──────── Data to examine ────────

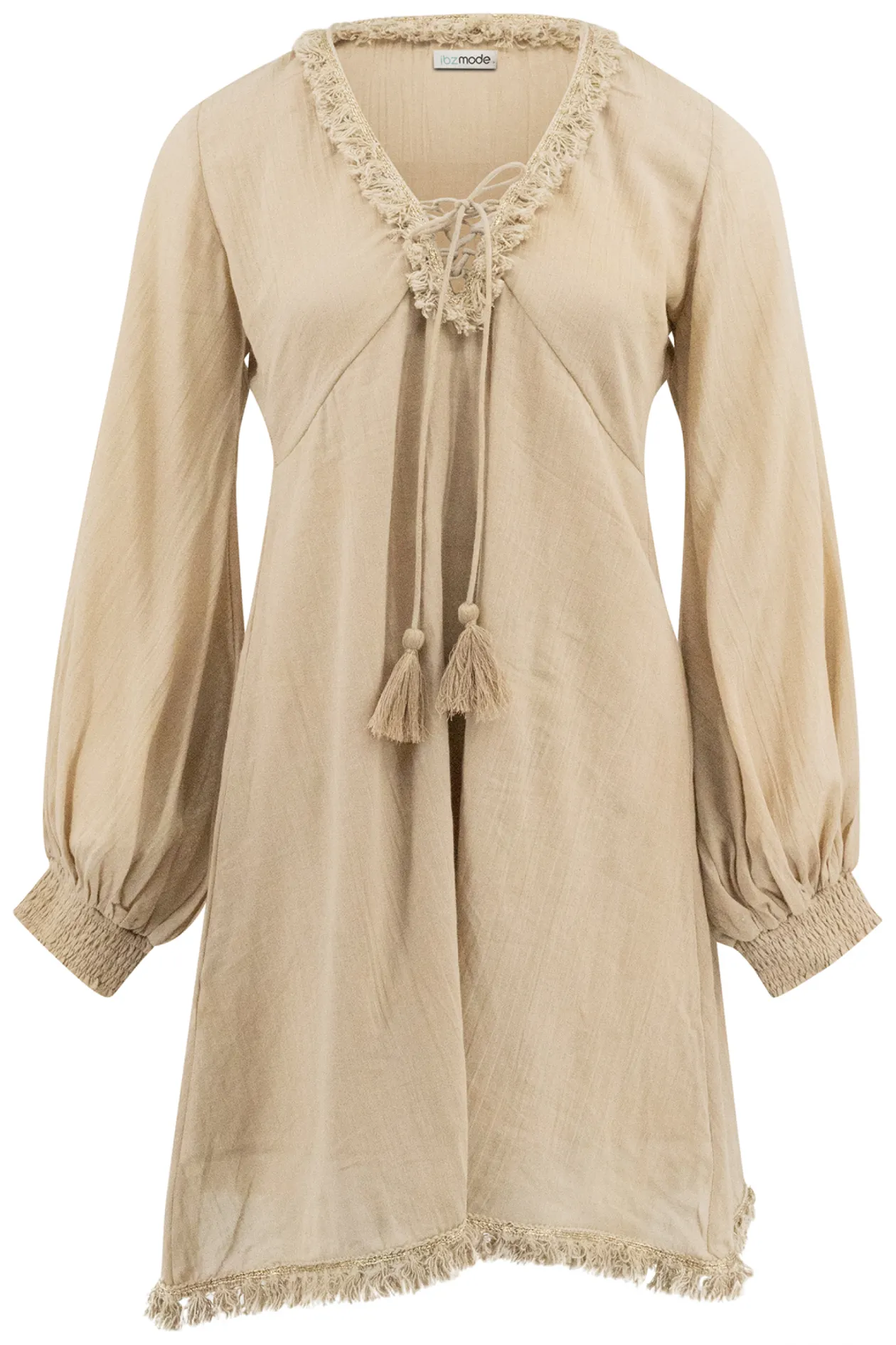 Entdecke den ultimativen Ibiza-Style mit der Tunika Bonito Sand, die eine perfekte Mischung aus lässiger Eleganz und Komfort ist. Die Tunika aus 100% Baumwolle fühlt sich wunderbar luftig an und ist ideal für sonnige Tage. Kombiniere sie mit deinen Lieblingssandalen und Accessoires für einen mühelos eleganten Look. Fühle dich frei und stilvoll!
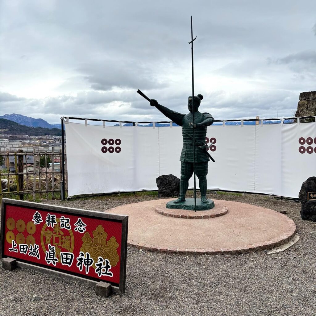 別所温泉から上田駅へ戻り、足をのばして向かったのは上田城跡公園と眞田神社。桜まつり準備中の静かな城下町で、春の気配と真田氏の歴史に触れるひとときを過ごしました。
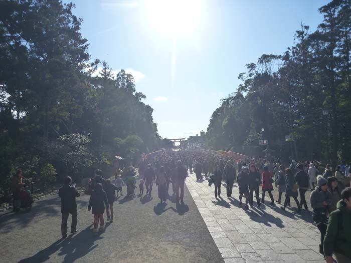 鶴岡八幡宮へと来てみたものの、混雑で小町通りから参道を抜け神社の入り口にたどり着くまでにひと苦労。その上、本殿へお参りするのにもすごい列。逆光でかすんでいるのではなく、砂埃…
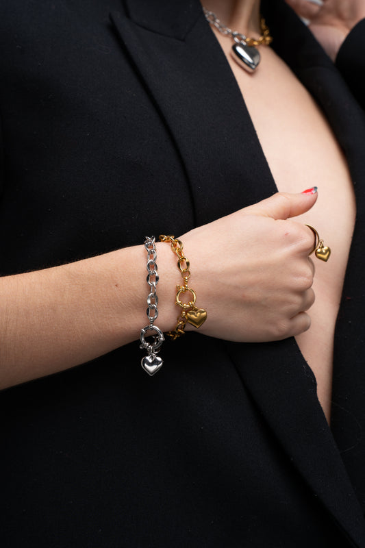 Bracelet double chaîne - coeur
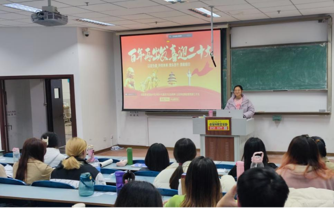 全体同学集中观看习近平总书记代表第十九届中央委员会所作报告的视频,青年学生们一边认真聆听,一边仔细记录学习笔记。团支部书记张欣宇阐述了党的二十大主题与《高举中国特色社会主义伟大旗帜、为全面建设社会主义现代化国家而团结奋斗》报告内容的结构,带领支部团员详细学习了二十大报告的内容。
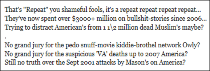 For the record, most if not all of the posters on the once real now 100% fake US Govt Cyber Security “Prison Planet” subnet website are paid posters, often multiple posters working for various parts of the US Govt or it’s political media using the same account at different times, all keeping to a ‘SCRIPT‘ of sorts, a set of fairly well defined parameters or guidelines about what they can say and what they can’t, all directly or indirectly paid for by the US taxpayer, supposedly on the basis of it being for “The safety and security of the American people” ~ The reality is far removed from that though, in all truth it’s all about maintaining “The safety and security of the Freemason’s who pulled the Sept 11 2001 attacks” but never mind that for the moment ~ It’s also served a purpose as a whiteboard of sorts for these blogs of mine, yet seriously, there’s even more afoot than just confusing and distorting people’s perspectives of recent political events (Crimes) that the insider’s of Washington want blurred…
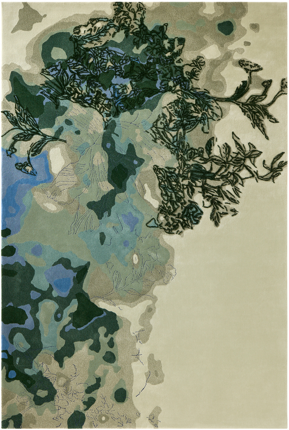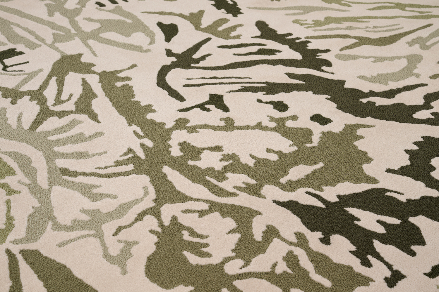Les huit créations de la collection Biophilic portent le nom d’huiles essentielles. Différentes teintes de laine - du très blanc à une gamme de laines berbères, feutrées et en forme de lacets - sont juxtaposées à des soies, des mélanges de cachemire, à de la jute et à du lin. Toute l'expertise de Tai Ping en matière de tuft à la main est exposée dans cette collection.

────────
──────── Data to examine ────────

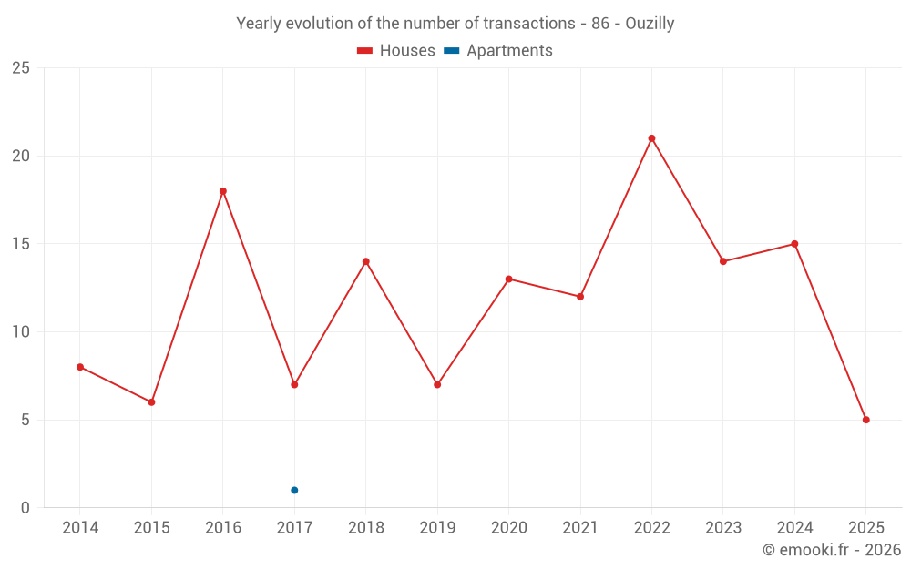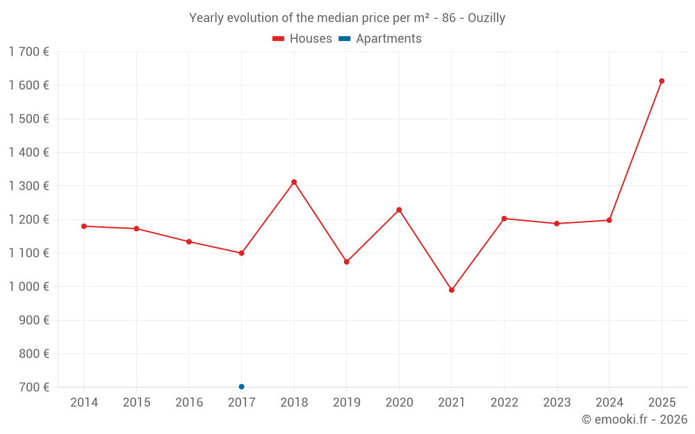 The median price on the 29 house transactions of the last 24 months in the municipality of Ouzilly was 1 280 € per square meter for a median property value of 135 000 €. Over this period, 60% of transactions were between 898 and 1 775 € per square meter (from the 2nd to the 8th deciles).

────────
──────── Data to examine ────────

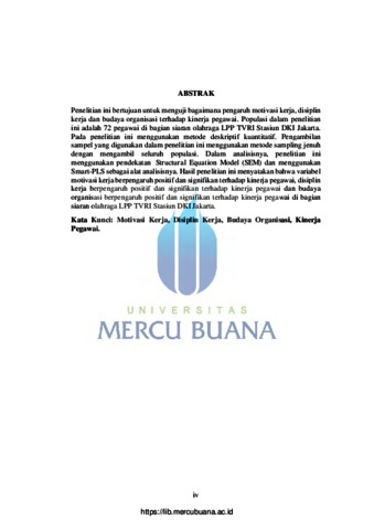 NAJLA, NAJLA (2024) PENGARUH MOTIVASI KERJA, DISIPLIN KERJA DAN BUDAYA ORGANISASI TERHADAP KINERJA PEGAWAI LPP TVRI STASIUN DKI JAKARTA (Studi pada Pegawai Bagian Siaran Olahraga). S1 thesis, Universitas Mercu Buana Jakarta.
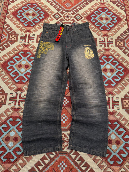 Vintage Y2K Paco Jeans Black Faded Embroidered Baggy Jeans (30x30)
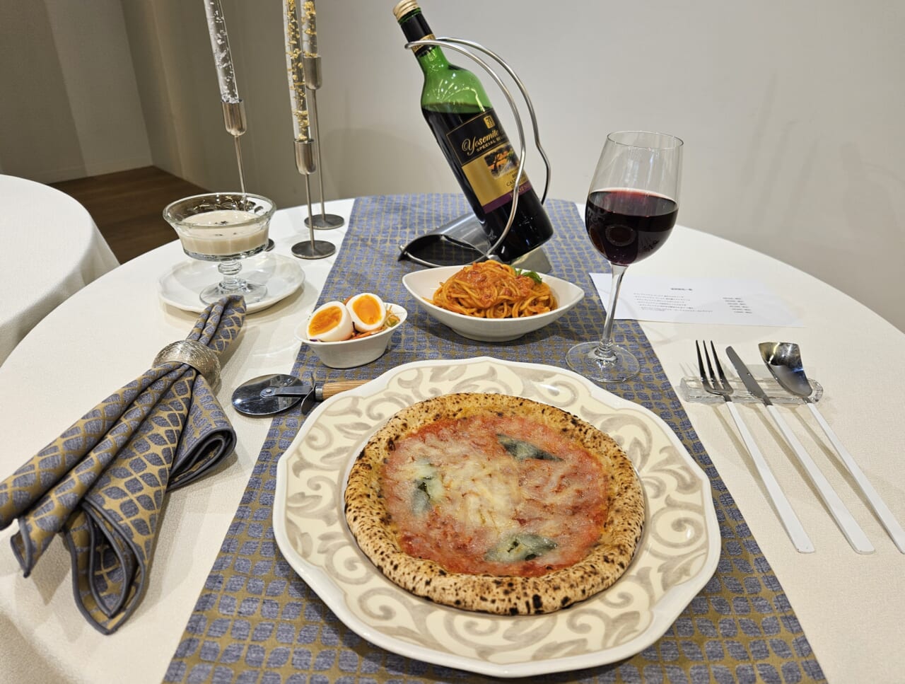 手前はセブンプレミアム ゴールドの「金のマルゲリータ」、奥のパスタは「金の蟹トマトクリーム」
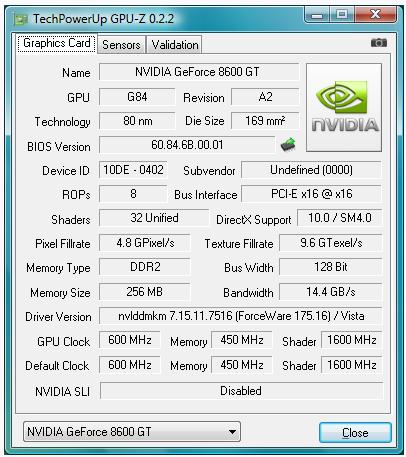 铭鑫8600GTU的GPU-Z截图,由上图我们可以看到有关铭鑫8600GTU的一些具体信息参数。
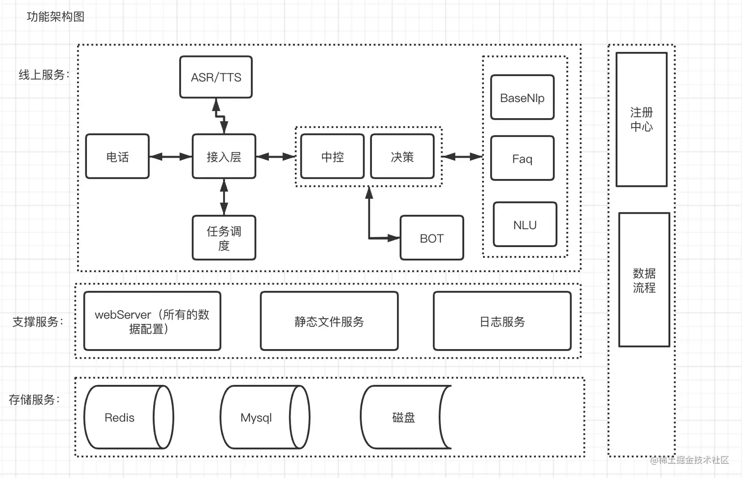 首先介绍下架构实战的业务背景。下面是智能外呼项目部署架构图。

────────

» Problem details
Keep to the stretch from the line containing "Bracelet double chaîne - coeur" through the line containing "全体同学集中观看习近平总书记", both ends included, and copy it exactly from the listing above, minus the pictures.

» Result below
 Bracelet double chaîne - coeur
 全体同学集中观看习近平总书记代表第十九届中央委员会所作报告的视频,青年学生们一边认真聆听,一边仔细记录学习笔记。团支部书记张欣宇阐述了党的二十大主题与《高举中国特色社会主义伟大旗帜、为全面建设社会主义现代化国家而团结奋斗》报告内容的结构,带领支部团员详细学习了二十大报告的内容。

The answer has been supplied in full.